As has been widely reported, OOXML has many technical flaws which were noted in comments by National Standards Bodies. The European Computer Manufacturers Association (ECMA), the front group that Microsoft used to insert OOXML into the ISO process, then produced resolutions for these comments. I've spent the last few weeks going through these to see if they fixed the original flaws and it's been a very illuminating task.

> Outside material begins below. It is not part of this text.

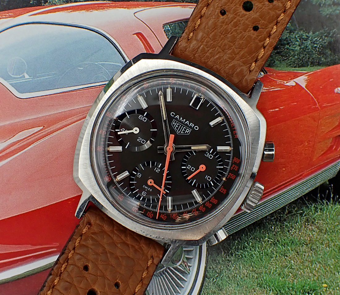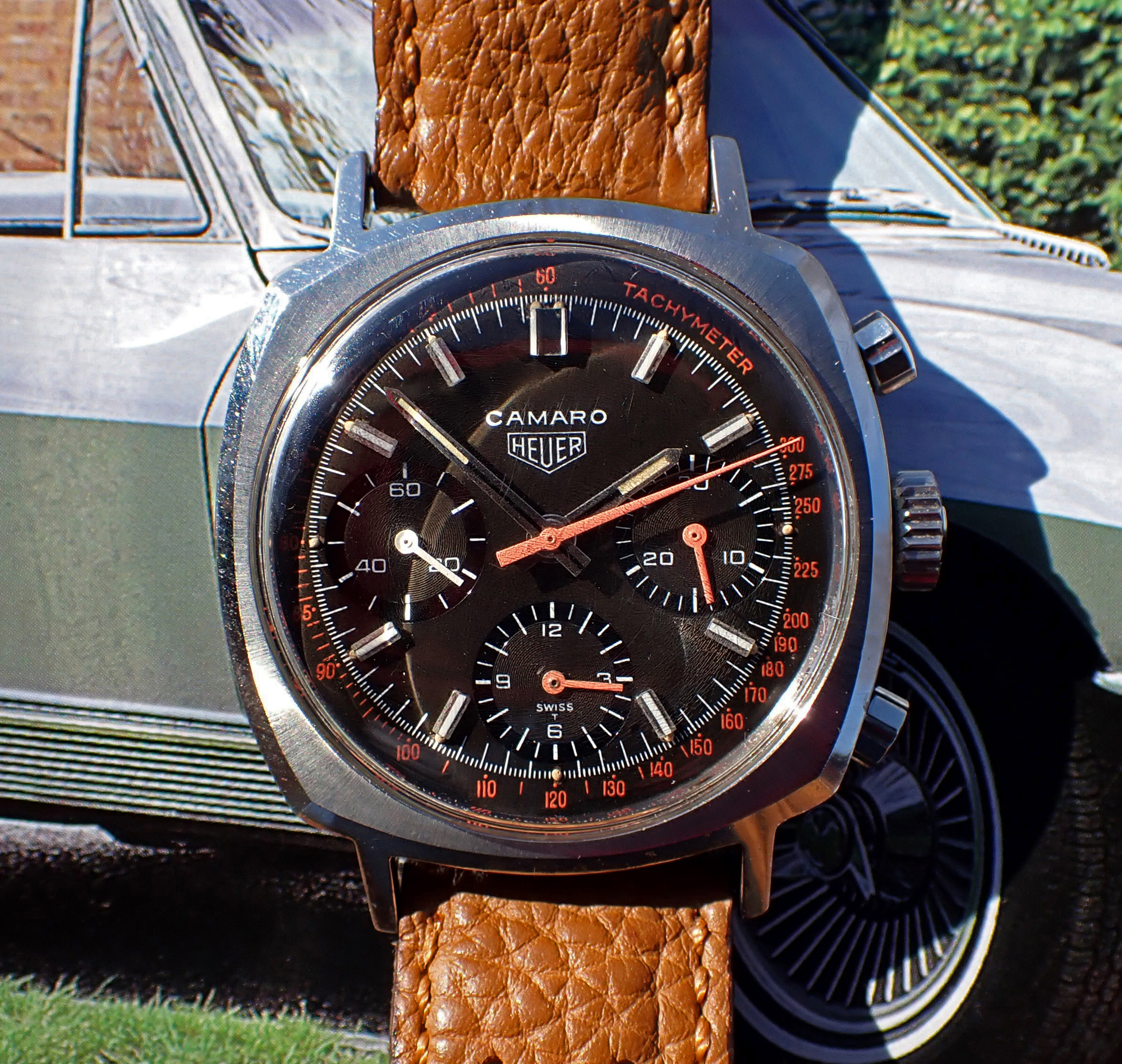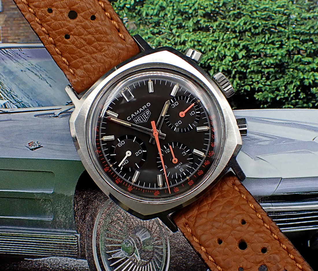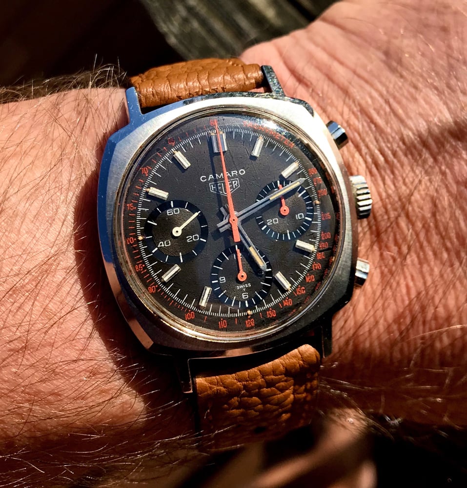This 7220 Camaro, which Heuer heads more knowledgeable than I have dubbed the 7220NT Third Execution Exotic, has the correct 174,xxx case serial number for this specific iteration of brown dial, which was only made for a very short time. I know everyone raves about the Panda versions of Camaros as the ne plus ultra but having owned both, this stunning and uniformly "tropical" brown dial blows them away, IMO (in fact, the dials on these are not actually "tropical" per se, as the consensus opinion of the experts is that these were born brown and I’d have to agree). Personally, I call this one King Camaro and I think when you peruse the pictures in different lighting conditions you’ll see why I do. After all, you find Panda dials on Carreras and Autavias but nothing as unique as this. There is just something so appropriate to the funky Camaro case shape and the late-60s/early-70s ethos that makes a deep brown dial with a red Tachy track and orange chrono hands totally work. And I know the lucky next owner will enjoy the one-of-a-kind style of this cool brown beauty as much as I have.
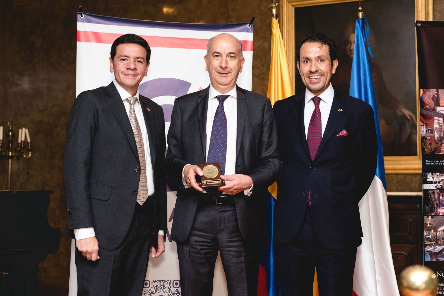 Lors de cette soirée, nous avons rendu hommage à l'Ambassadeur de France en Colombie, Frédéric Doré, pour son travail remarquable dans le renforcement des liens commerciaux et culturels entre nos deux pays. Nous avons également salué le travail de Pierre Sentenac, Chef du Service Economique Regional de Bogota, pour ses efforts dans la promotion de la coopération économique entre les deux nations. Finalement, nous avons célébré la remise de prix du Challenge sportif 2024, la Fondation Gero en est sortie gagnante, recevant une reconnaissance bien méritée pour son engagement en faveur de la responsabilité sociale et de l'excellence sportive.

In some cases they did resolve the problems, in others they pushed back and claimed there was no original flaw, but for the most part they were remarkably open to adding extra features, which seemed to resolve the issues. I began to realize two things: First, ECMA was willing to say yes to almost anything in order to get OOXML passed as a standard. Second, the things they were pushing back on and were saying "no" to were any modifications to the specification that would mean a change to the existing Microsoft implementation of OOXML. There were many thousands of pages of comments, so it is possible I missed one, but I couldn't find any agreed change that would cause a single service pack for Microsoft Office to be released. In fact, ECMA even used the fact that a change would "break compatibility with existing implementations" as a reason for rejecting it.

An example is illustrative here. The date formats specified in OOXML are flawed. There is too much detail to go into here, but to summarize, different bugs in older Microsoft Excel and Lotus 1-2-3 implementations meant that there are two different ways to store a date specified within the original OOXML specification, with different semantics. The obvious way to fix this in future documents is to specify a single standard date format (ISO8601 is such a standard) and convert to that format when reading old documents in .XLS format. Oddly enough, this is exactly what the Free Software alternative OpenOffice does, when converting to the existing ISO Open Document Format (ODF) standard. ECMA agreed, and so added the ISO8601 format to the list of allowable date formats in OOXML. But they didn't remove the old buggy formats from the specification. They just added one more, with a note that the old format is "deprecated".

The "change" adopted by ECMA had the exactly the properties required by their sponsor. It paid lip service to the principles of ISO standardization, and required no changes to any existing Microsoft code, which will just ignore the new format. Maybe later they'll implement it, maybe not. Either still fits within the "standard". With standards this low, it's hard not to meet them. But this is a problem for interoperability. Because there's no single mandated date format, it forces any other implementations to replicate the bugs of the past. There's no other way to be sure your implementation can read OOXML files correctly without implementing the bug, and you have to write out the buggy dates as you can't be certain that any other implementation will implement the ISO8601 date format. The claimed deprecation is hollow here, this bug will live forever. Highly inappropriate for a date bug, if you ask me.

In their marketing claims around getting OOXML anointed as an International Standard, Microsoft claims that more standards mean greater consumer choice. But sometimes less is more. We only have to examine HD-DVD vs. Blu-Ray to see the consequences of this. Or to finish with an old joke:

"How many Microsoft engineers does it take to change a light bulb?

None. They just declare darkness the new standard".

Jeremy Allison is one of the lead developers on the Samba Team, a group of programmers developing an Open Source Windows compatible file and print server product for UNIX systems. Developed over the Internet in a distributed manner similar to the Linux system, Samba is used by all Linux distributions as well as many thousands of corporations worldwide. Jeremy handles the co-ordination of Samba development efforts and acts as a corporate liason to companies using the Samba code commercially. He works for Google, Inc. who fund him to work full-time on improving Samba and solving the problems of Windows and Linux interoperability.